Julia Wikswo is a graduate of Virginia Art Institute. She exhibited, taught, and worked in design and display in Virginia before moving to California. She has lived in Tennessee for many years and has taught children’s classes in the area while continuing her creative interests. She works in mixed media, drawing, and collage. Her focus most recently is on watercolor. She has had two one-woman shows and exhibits locally.
From the Curator
HERS is pleased to present the work of Julia Wikswo in the inaugural exhibition in the HERS Gallery. No woman can be said to have consented to hysterectomy unless she was first fully informed of all the alternatives and all the consequences of the removal of the female organs. In HERS ongoing study, 99.7 percent of hysterectomized women reported that they were not informed of the adverse effects of the surgery.
As Julia said, for the most part these images speak for themselves, but we felt that some of the comments she made about these works might be helpful.
Regarding the first image, Julia said, “My blood waters [the doctor’s] new shrubbery while his kids watch.” Speaking of the doctor pictured here, she said, “He never came all the way into my [hospital] room [after the surgery]. He told me how cold it was outside and how his ten new shrubs were all freezing. He did this for ten days, and when the bill came he had charged $25 for each visit, which I found was the price of each of the ten boxwood shrubs.”
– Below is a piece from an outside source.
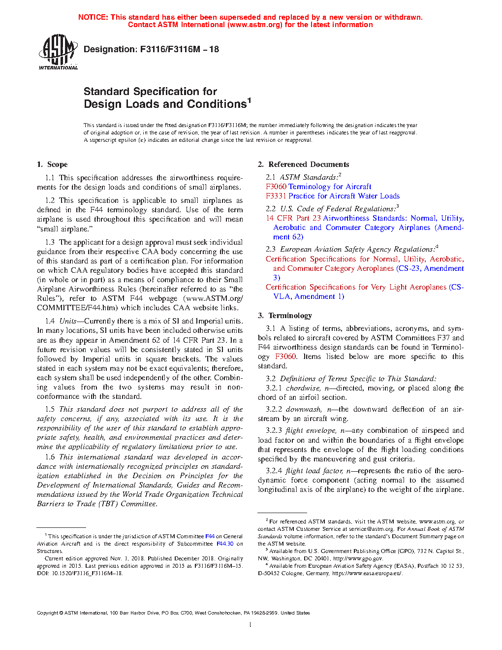 This specification covers airworthiness requirements for the design loads and conditions of small airplanes, and is applicable to small airplanes as defined in the F44 terminology standard. The applicant for a design approval must seek individual guidance from their respective civil aviation authority (CAA) body concerning the use of this specification as part of a certification plan.

The second image is Julia’s response to a phone conversation with a friend whose husband had committed her to a psychiatric hospital a few weeks after being hysterectomized. “She called me from there, so I asked her how many other women were in there with her and how many of them were hysterectomized,” Julia said. “My friend said, ‘Oh, I’m sure there’s no connection, and I’m the only one.’ But I convinced her to go ask the other women. She did, and then she called back. ‘There are eleven of us in here, and ten have had hysterectomies,’ she said.”
Julia painted the fifth image after reading a quote from writer Mary Jean Irion:
“Normal day, let me be aware of the treasure you are. Let me learn from you, love you, savor you, bless you before you depart. Let me not pass you by in quest of some rare and perfect tomorrow. Let me hold you while I may, for it will not always be so. One day I shall dig my nails into the earth, or bury my face in the pillow, or stretch myself taut, or raise my hands to the sky, and want more than all the world your return.”
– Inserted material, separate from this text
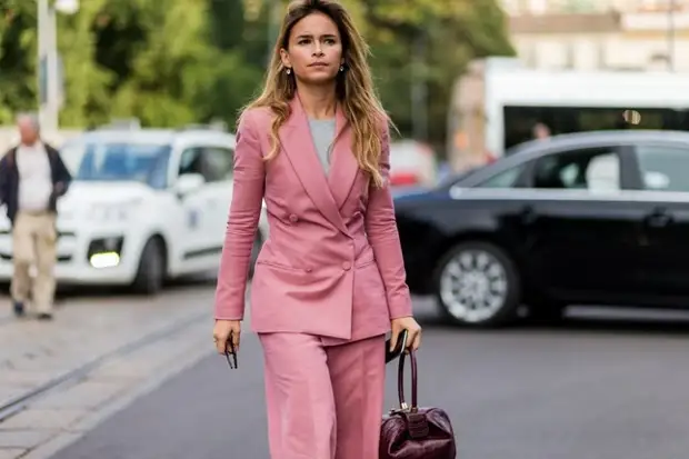 Розовый брючный костюм женский (139 фото)

Of the seventh image, Julia said only, “Those damn rubber gloves.”
The eighth image in this series is a simple place setting, but upon closer inspection we see that Julia has provided many clues to why she was compelled to create this fascinating piece. Notice the name card (which conveys “unpunished” in Latin), the names of pharmaceutical drugs embossed on the napkin to the left, and a face looking up at us from the bottom of the glass of water, among other details.
Of the last image Julia asks, “Why do they take our healthy female organs away?”